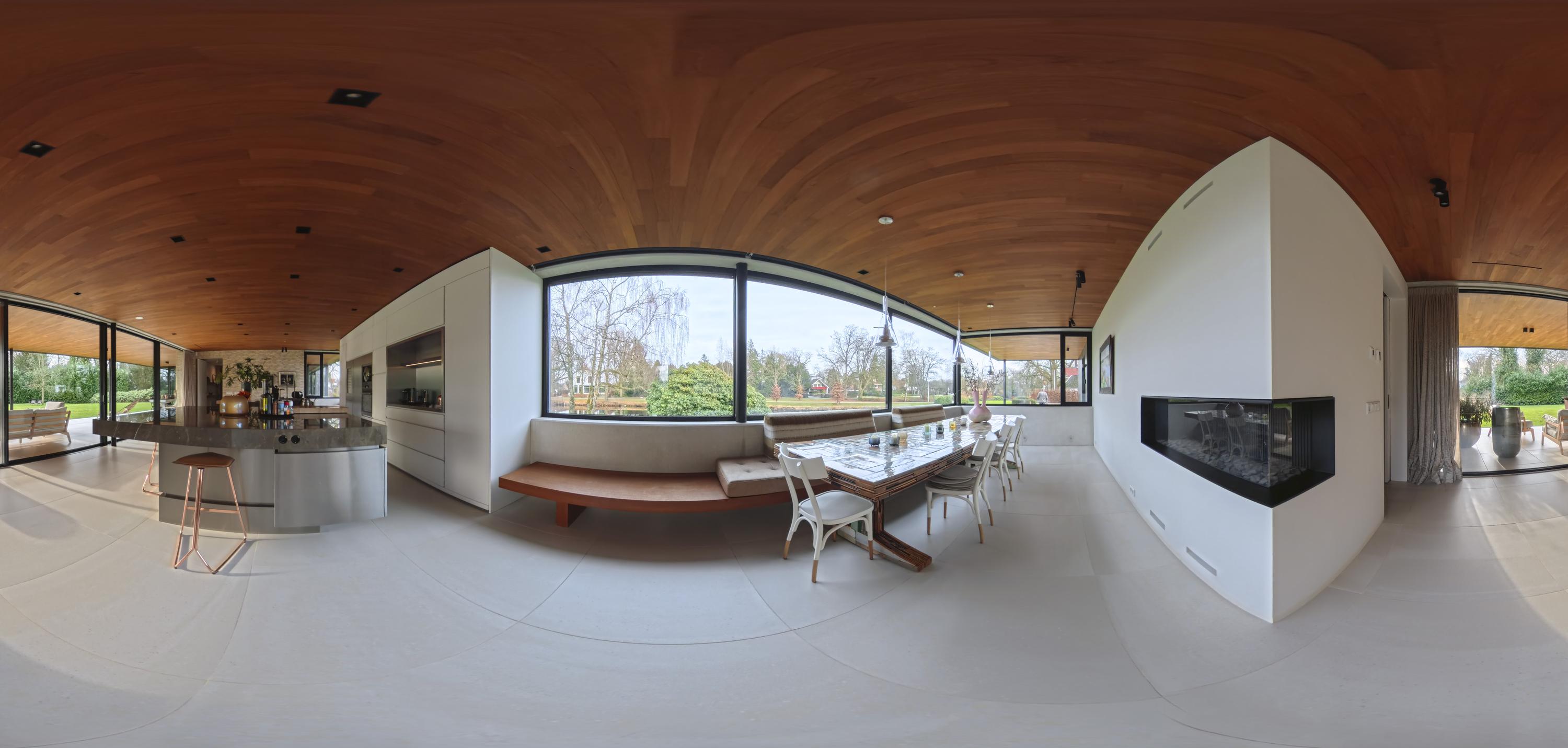 The kitchen (88 m²) forms the heart of the house. From this room, the view is impressive at both the front and rear. Floor-to-ceiling windows and sliding doors connect the kitchen directly to the covered terrace, which is furnished with a sitting and dining area and an outdoor fireplace by Metalfire. The terrace is the family's favourite spot; in winter it is a sunny place due to the low light incidence and in summer it is a pleasant lounge area in the shade and shelter. Thanks to the canopy and the outdoor fireplace, this is a place where you can comfortably spend most of the year.
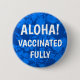 Ozeanblau Senden Sie die Aloha-Nachricht mit unserem "Impfstoff voll"-Button.Diese Vintage Not leidende Hibiskus Blume aloha Shirt Druck wurde von traditionellen Pareaus getragen für die Hula inspiriert.
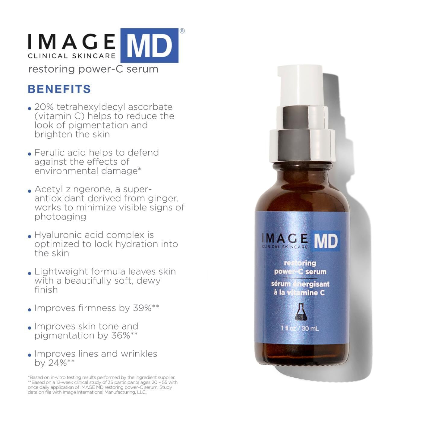 IMAGE Skincare IMAGE MD Restoring Power-C Serum, 20% Vitamin C, Ferulic Acid Facial Serum to Reduce Pigmentation, Firm, Brighten Skin, 1 fl oz
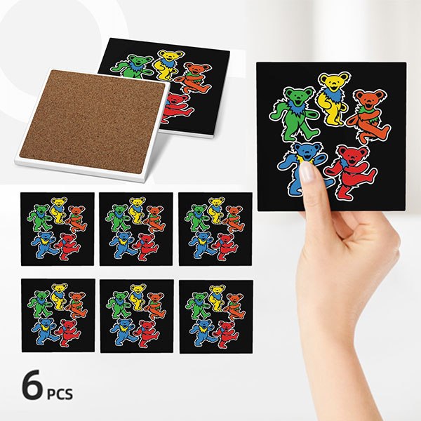 The Grateful Dead - Dancing Bears / Marching Bears : Set of 6 Square Ceramic Coasters with metal stand
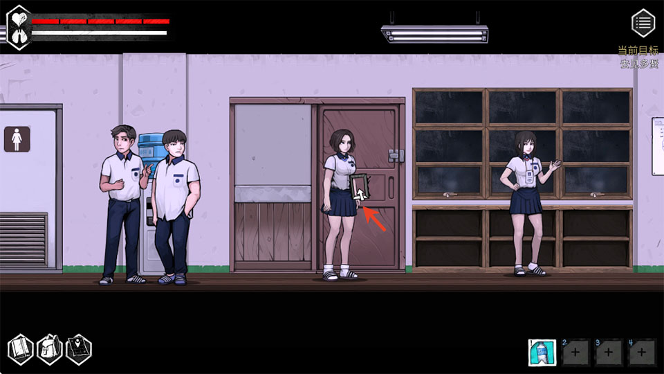 2、世华高中体育馆,前往学校,到教室2触发剧情,到教室1进入鬼窟,选第五,第三,第七门进入停尸房获得圣水(完美结局必需品)。
____
### YOUR TASK
Transcribe each line above verbatim, with the pictures left out.

### FINISHED EXERCISE
 The kitchen (88 m²) forms the heart of the house. From this room, the view is impressive at both the front and rear. Floor-to-ceiling windows and sliding doors connect the kitchen directly to the covered terrace, which is furnished with a sitting and dining area and an outdoor fireplace by Metalfire. The terrace is the family's favourite spot; in winter it is a sunny place due to the low light incidence and in summer it is a pleasant lounge area in the shade and shelter. Thanks to the canopy and the outdoor fireplace, this is a place where you can comfortably spend most of the year.
 Ozeanblau Senden Sie die Aloha-Nachricht mit unserem "Impfstoff voll"-Button.Diese Vintage Not leidende Hibiskus Blume aloha Shirt Druck wurde von traditionellen Pareaus getragen für die Hula inspiriert.
 IMAGE Skincare IMAGE MD Restoring Power-C Serum, 20% Vitamin C, Ferulic Acid Facial Serum to Reduce Pigmentation, Firm, Brighten Skin, 1 fl oz
 The Grateful Dead - Dancing Bears / Marching Bears : Set of 6 Square Ceramic Coasters with metal stand
 2、世华高中体育馆,前往学校,到教室2触发剧情,到教室1进入鬼窟,选第五,第三,第七门进入停尸房获得圣水(完美结局必需品)。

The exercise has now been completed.